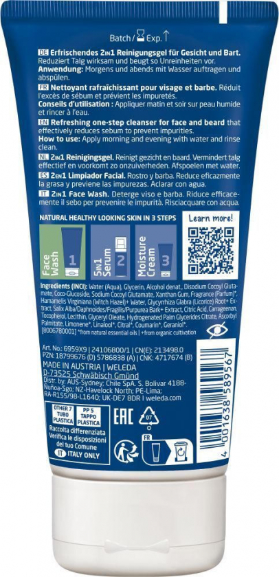 Weleda For Men 2in1 Face Wash - erfrischende porentiefe Reinigung für Gesicht und Bart
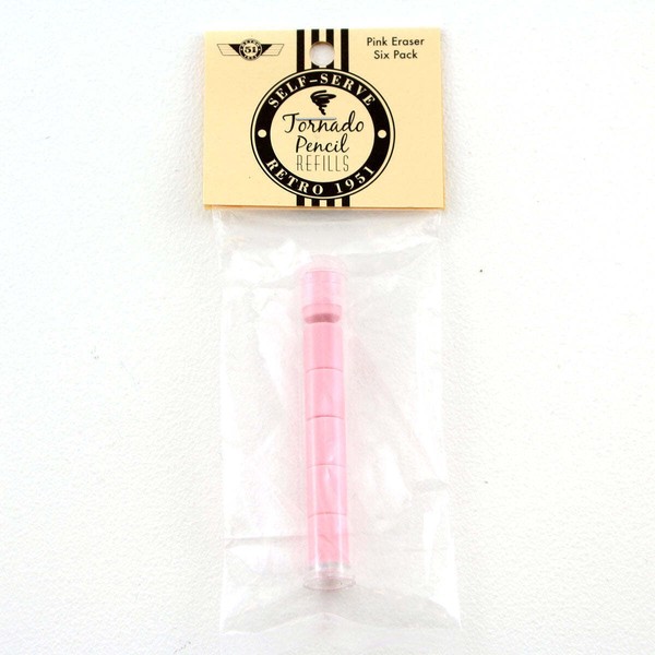 Retro 51 Pk/6 Retro 51 REF13-E Eraser Refills for Tornado Pencils, Pink
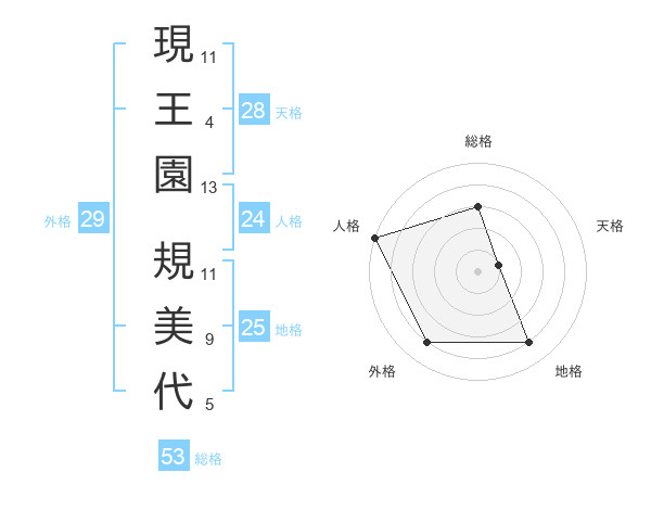 現王園 規美代さんを姓名の画数から五運を鑑定
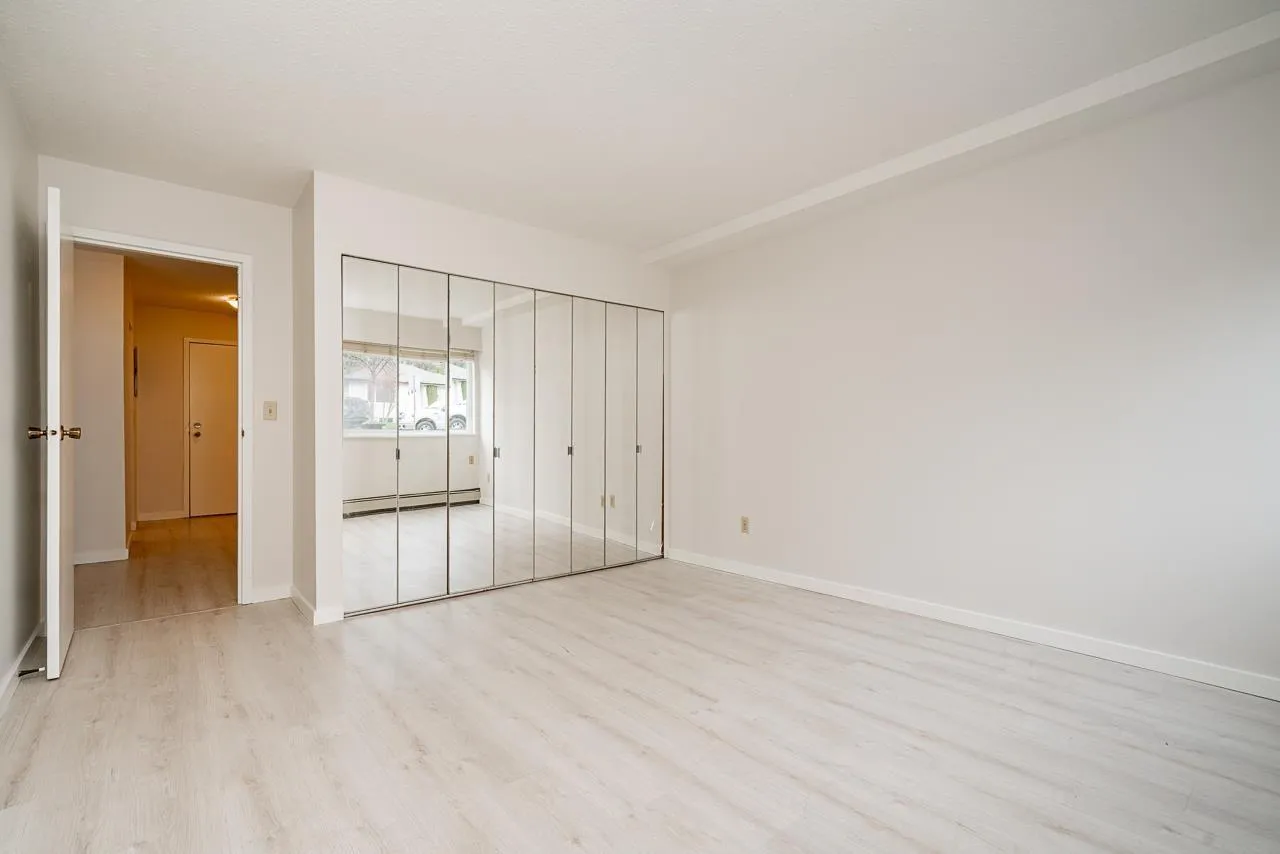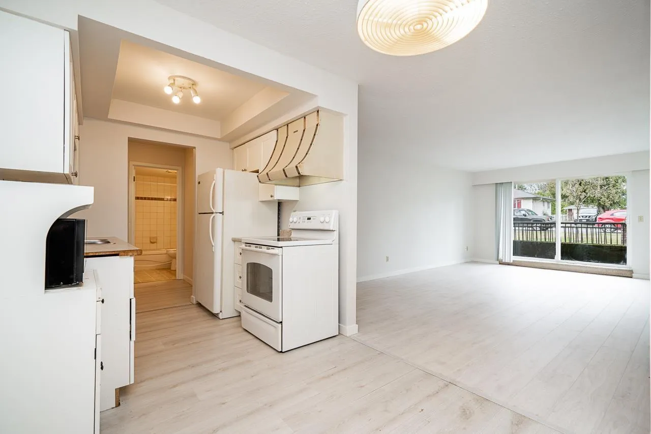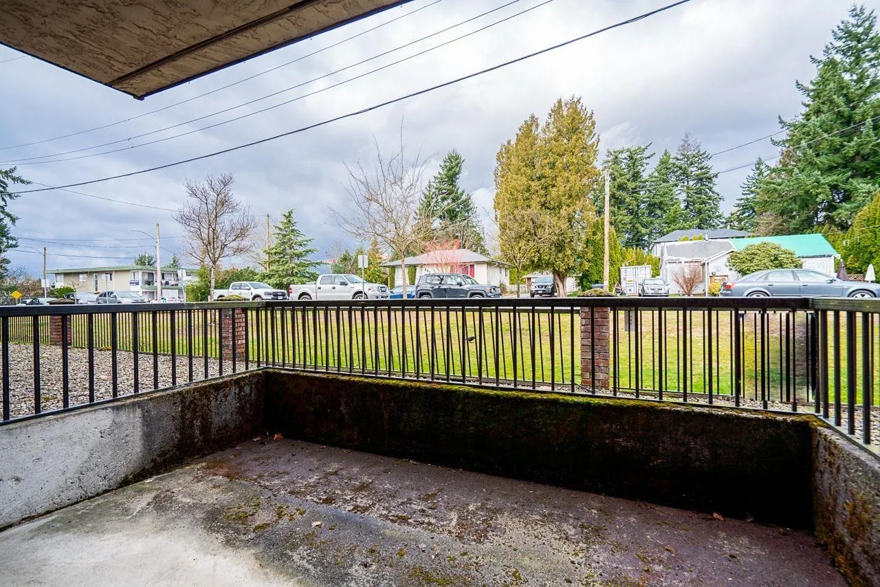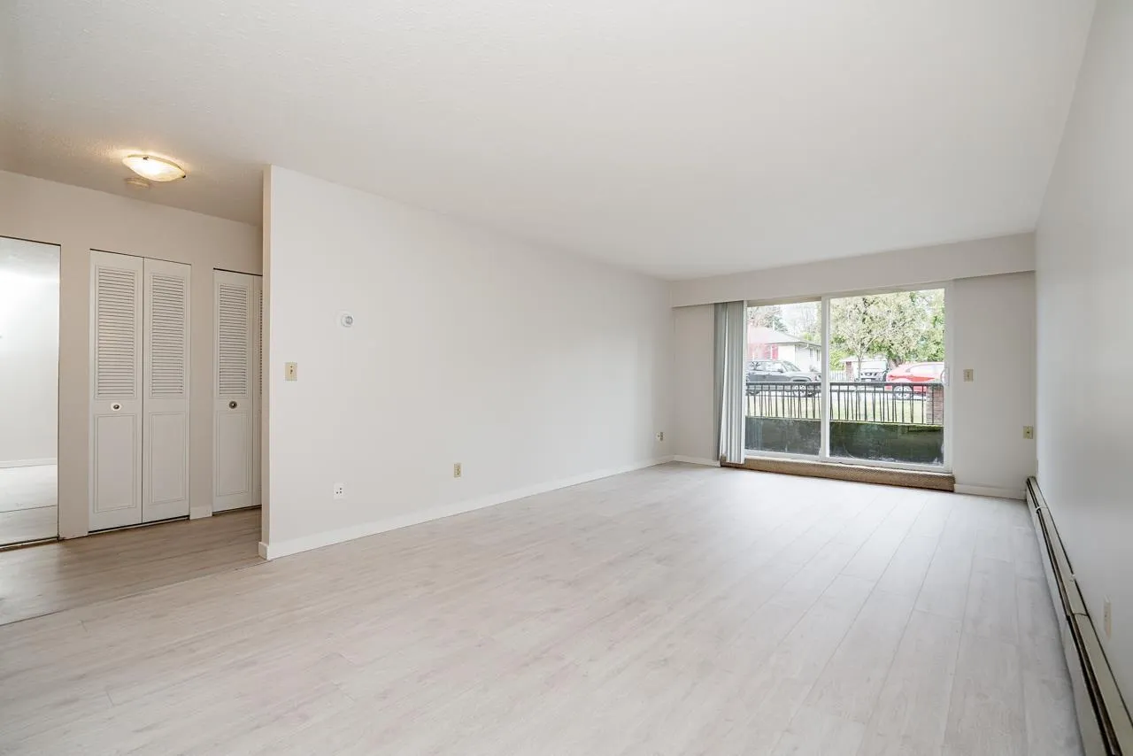 Welcome to this Updated 1 Huge Bedroom and 1 Bathroom Ground Floor Home walking distance to upbeat and trendy Historic Abbotsford. Fantastic Unit with brand NEW flooring and paint through out. Move In Ready! Bright and Spacious Floor Plan with a massive bedroom with double closet space and space for a den! Dining off of retro Kitchen. Living room is large with doors to private concrete patio. Lots of closet space through out and a bonus huge storage room in unit. Underground Parking and additional storage locker included. In a great location~..walk to farmers market and the trendy shops and cafes. Exceptionally priced! Great Unit to call home or as an investment. Call to book your private showing!~ (id:27476)
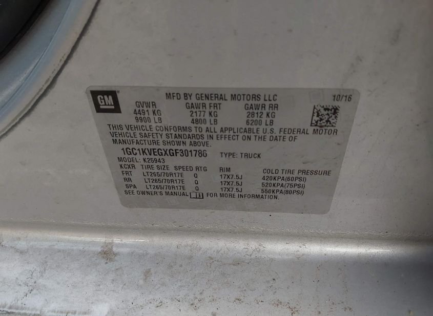 - VIN: 1GC1KVEGXGF301786

What the task asks: All entries above should be printed exactly, though without their pictures.

Solved problem:
 Weleda For Men 2in1 Face Wash - erfrischende porentiefe Reinigung für Gesicht und Bart
 Retro 51 Pk/6 Retro 51 REF13-E Eraser Refills for Tornado Pencils, Pink
 現王園 規美代さんを姓名の画数から五運を鑑定
 Welcome to this Updated 1 Huge Bedroom and 1 Bathroom Ground Floor Home walking distance to upbeat and trendy Historic Abbotsford. Fantastic Unit with brand NEW flooring and paint through out. Move In Ready! Bright and Spacious Floor Plan with a massive bedroom with double closet space and space for a den! Dining off of retro Kitchen. Living room is large with doors to private concrete patio. Lots of closet space through out and a bonus huge storage room in unit. Underground Parking and additional storage locker included. In a great location~..walk to farmers market and the trendy shops and cafes. Exceptionally priced! Great Unit to call home or as an investment. Call to book your private showing!~ (id:27476)
 - VIN: 1GC1KVEGXGF301786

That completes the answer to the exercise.